PRINCE: How nice – how special. Were they coming in legally then?
KLEIN: Well, they were coming in both…both legally and illegally.
PRINCE: There was still a –
KLEIN: Yes – trickling – they were always trickling in illegally because different countries had their different backgrounds, different nationalities and many of them didn’t have – didn’t have the help that was given to them by the Joint Distribution Committee and others. So that was the majority, I believe, was legal but many of them came in just to get away from the conditions that they had been living under the past several years.
PRINCE: Okay. Coming from Europe and seeing all the Jews and the D.P. camps, going to Palestine, seeing them in resettlement, knowing that you were actually seeing some of those Jews who had found a home, uh, that must have been almost exhilarating. And how did you feel being in Palestine, yourself?
KLEIN: Well, I did feel real good about it, no question about that in my mind. And I again touched on it earlier when I spoke of the spirit of the people, of the Jews of Palestine. This was their country! They weren’t the least bit concerned about being able to defend it, although they didn’t have at that time all the arms and weaponry that they have today. But they felt that they could defend it and that they could make it a democracy and that they were anxious to have a democracy. And the youth of Palestine…the exuberance of the young women. I have in mind one girl, Judy, a little girl that wore bobby sox and tennis shoes who was one of our escorts in coming over on the convoy from Lydda Airport that I described earlier. There were many like her and her counterpart. I can see her visually now standing with her stengun and her clip of ammunition. But these were, in my opinion, like any American bobby soxer. “Bobby soxer,” which was an expression that was common some 40 years ago in this country. She was, no doubt, just in my mind, just the same as any bobby soxer here in Ladue, Clayton, or in St. Louis. But she was a part of the times and conditions and environment that existed there when these Jews that were determined to have a country of their own so that never again, as Begin said recently, would there be a Holocaust.

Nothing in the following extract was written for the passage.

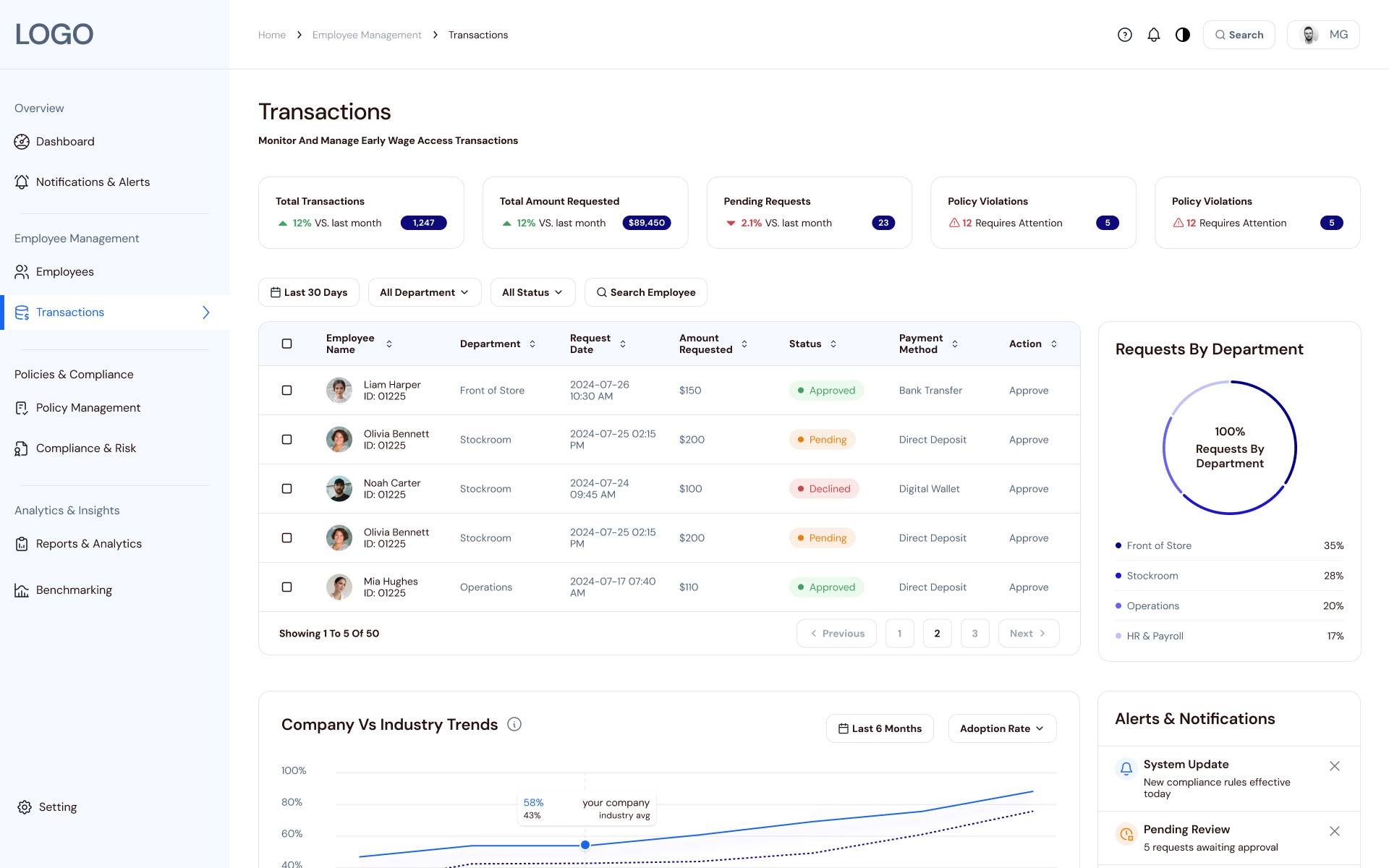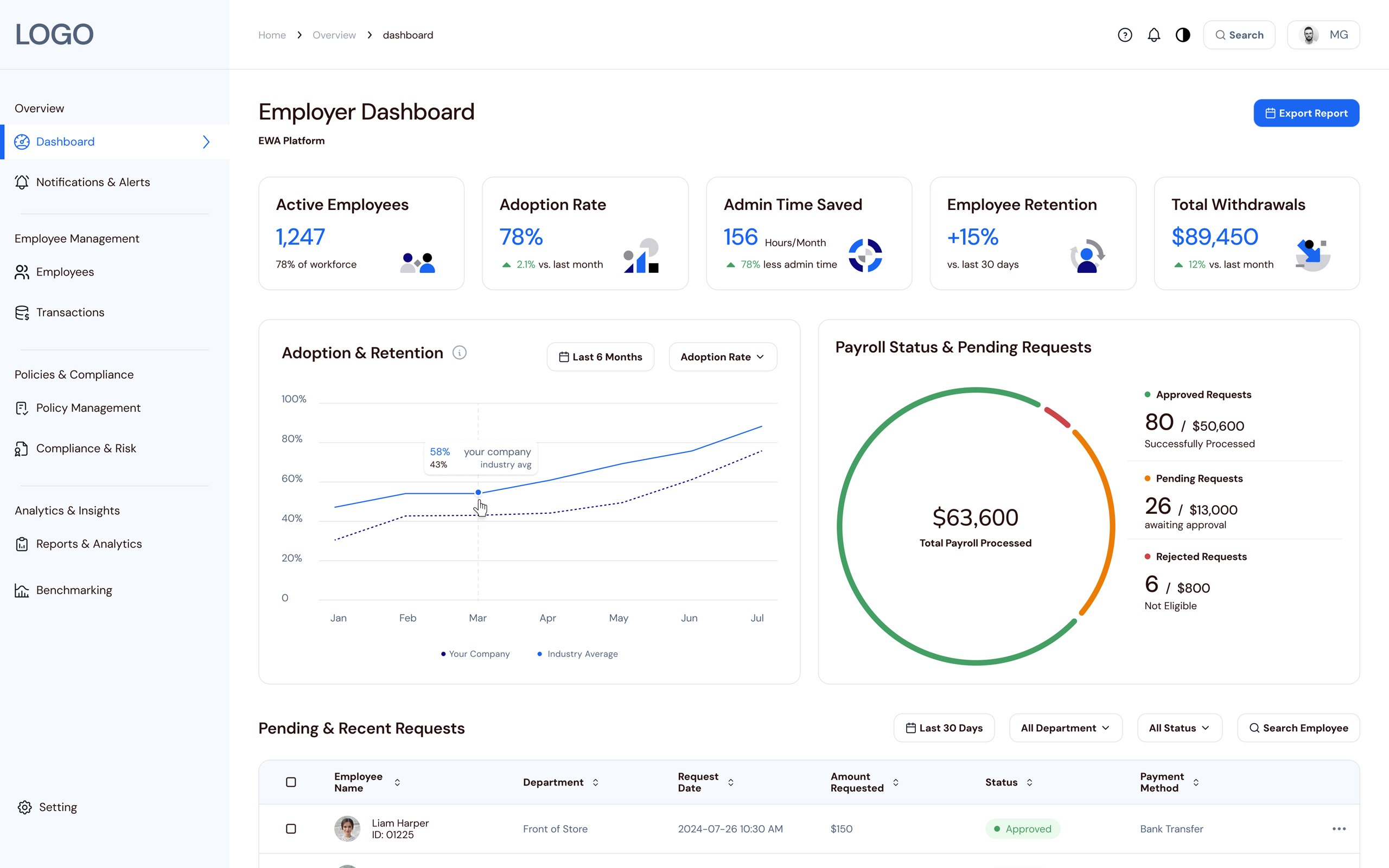 An Adoption & Retention chart compares company performance to industry averages, while the Payroll Status & Pending Requests donut summarizes approved, pending, and rejected requests, revealing both long‑term impact and today’s decision load.

PRINCE: Now it’s time to go home and you came home and you each, I believe, made a report at Kiel Auditorium for the express purpose of raising money to help these people that you had just seen.
KLEIN: That’s right. We, I’m glad to be able to tell you that the Kiel Auditorium was crowded…crowded. And the late Rabbi Gordon was the chairman of that meeting and the local people here and all the six of us that participated were invited. We each were assigned a topic to speak on and I believe that mine was to speak on Palestine, and I did. And I remember well my closing words which were, “They want to live in a country that cries out to them, ‘Welcome, welcome.’ They want to be fishermen in the sea, tillers of the soil, architects and builders!”
PRINCE: Thank you. Thank you very much. I appreciate your time and your words.